Description of the task =>
Write out every entry, unchanged. Skip any picture.

#### Excerpted data

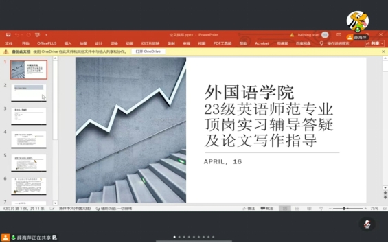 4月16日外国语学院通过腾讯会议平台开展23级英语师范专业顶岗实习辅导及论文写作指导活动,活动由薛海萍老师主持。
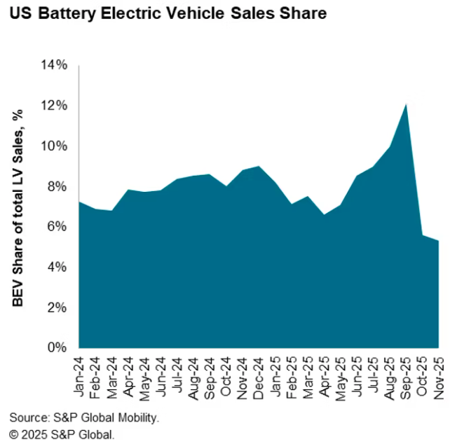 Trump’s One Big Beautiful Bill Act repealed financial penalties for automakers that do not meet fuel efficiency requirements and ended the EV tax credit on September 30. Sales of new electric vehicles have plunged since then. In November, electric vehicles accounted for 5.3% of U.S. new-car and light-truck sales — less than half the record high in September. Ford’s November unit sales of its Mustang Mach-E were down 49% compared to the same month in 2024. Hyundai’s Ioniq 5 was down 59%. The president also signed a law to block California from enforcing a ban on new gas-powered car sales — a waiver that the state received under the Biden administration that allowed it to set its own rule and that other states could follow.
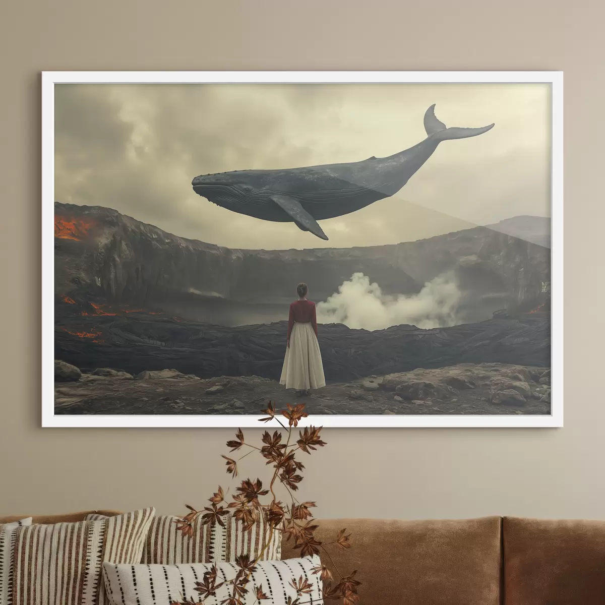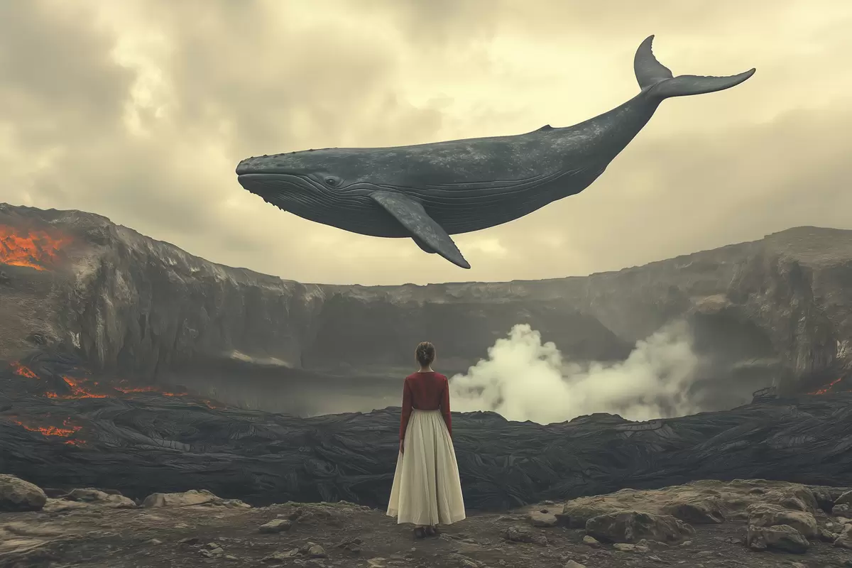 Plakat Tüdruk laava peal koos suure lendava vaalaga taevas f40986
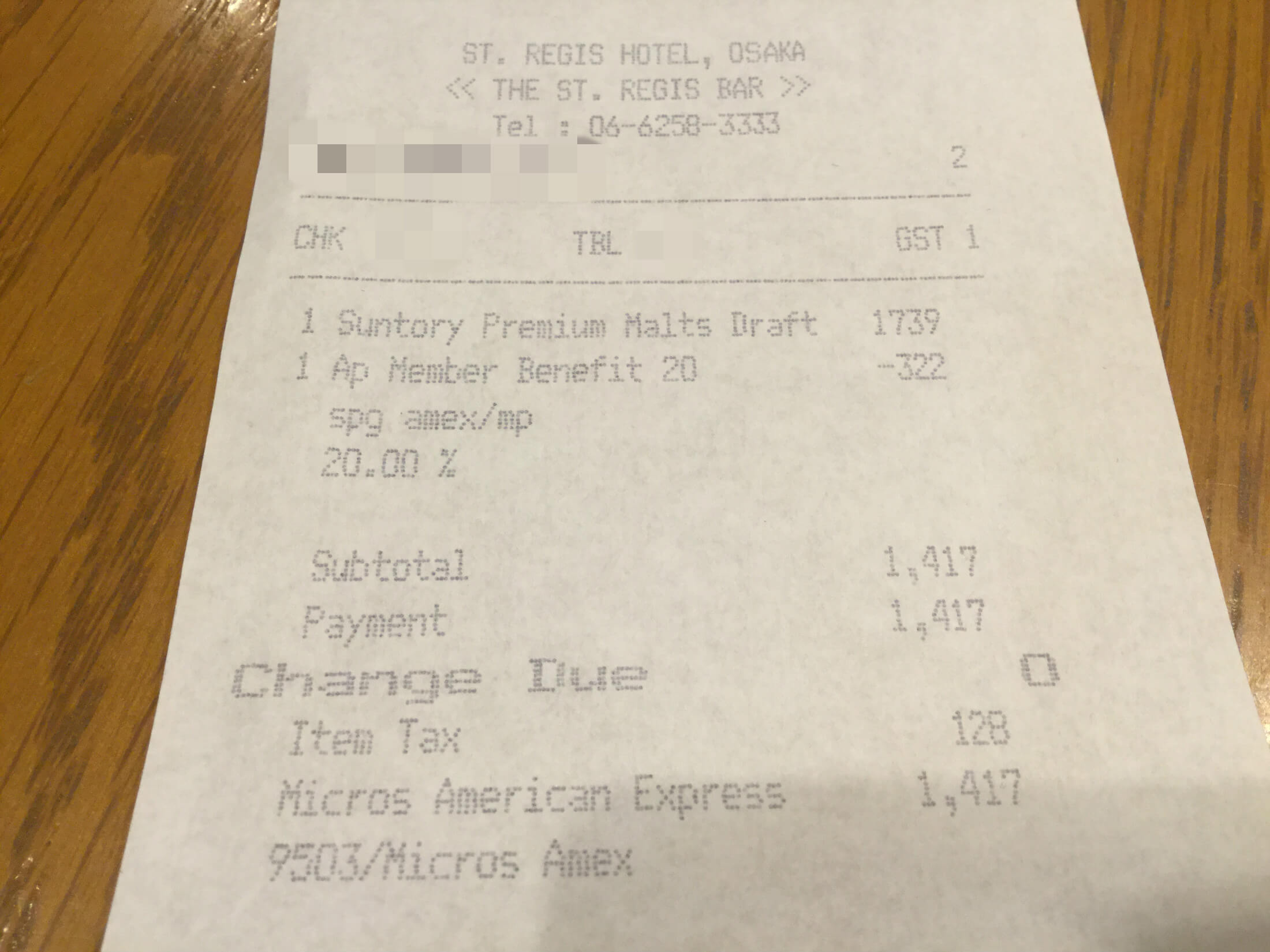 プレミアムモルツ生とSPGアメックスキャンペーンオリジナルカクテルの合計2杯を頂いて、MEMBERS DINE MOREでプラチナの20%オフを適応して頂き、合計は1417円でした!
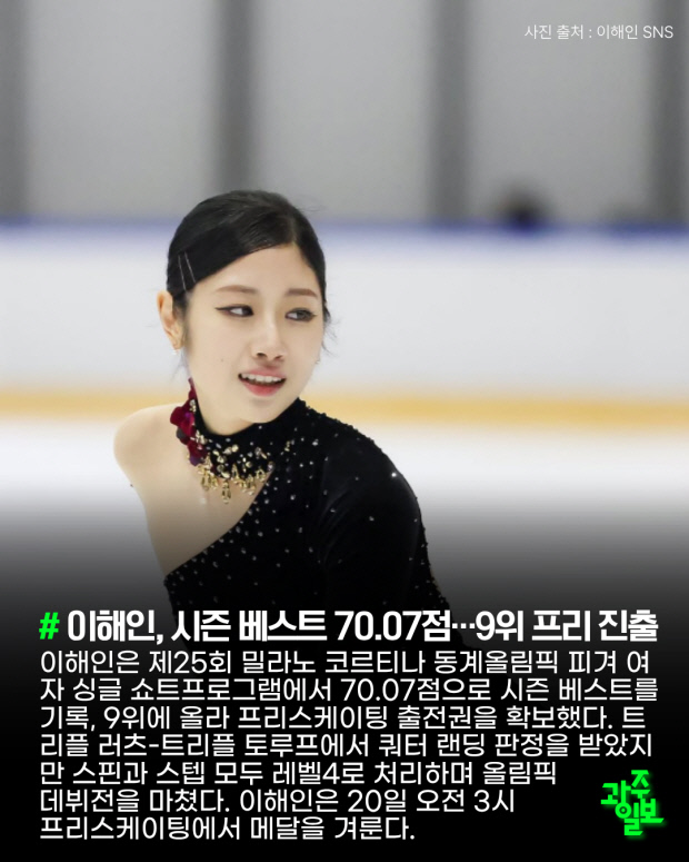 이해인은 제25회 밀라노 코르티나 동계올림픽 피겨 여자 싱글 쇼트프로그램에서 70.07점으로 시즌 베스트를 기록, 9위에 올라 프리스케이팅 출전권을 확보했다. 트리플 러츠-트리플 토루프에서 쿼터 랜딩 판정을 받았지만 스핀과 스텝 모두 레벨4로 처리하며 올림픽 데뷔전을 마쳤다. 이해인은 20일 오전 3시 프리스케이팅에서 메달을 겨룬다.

########

Result of this task =>
 4月16日外国语学院通过腾讯会议平台开展23级英语师范专业顶岗实习辅导及论文写作指导活动,活动由薛海萍老师主持。
 Trump’s One Big Beautiful Bill Act repealed financial penalties for automakers that do not meet fuel efficiency requirements and ended the EV tax credit on September 30. Sales of new electric vehicles have plunged since then. In November, electric vehicles accounted for 5.3% of U.S. new-car and light-truck sales — less than half the record high in September. Ford’s November unit sales of its Mustang Mach-E were down 49% compared to the same month in 2024. Hyundai’s Ioniq 5 was down 59%. The president also signed a law to block California from enforcing a ban on new gas-powered car sales — a waiver that the state received under the Biden administration that allowed it to set its own rule and that other states could follow.
 Plakat Tüdruk laava peal koos suure lendava vaalaga taevas f40986
 プレミアムモルツ生とSPGアメックスキャンペーンオリジナルカクテルの合計2杯を頂いて、MEMBERS DINE MOREでプラチナの20%オフを適応して頂き、合計は1417円でした!
 이해인은 제25회 밀라노 코르티나 동계올림픽 피겨 여자 싱글 쇼트프로그램에서 70.07점으로 시즌 베스트를 기록, 9위에 올라 프리스케이팅 출전권을 확보했다. 트리플 러츠-트리플 토루프에서 쿼터 랜딩 판정을 받았지만 스핀과 스텝 모두 레벨4로 처리하며 올림픽 데뷔전을 마쳤다. 이해인은 20일 오전 3시 프리스케이팅에서 메달을 겨룬다.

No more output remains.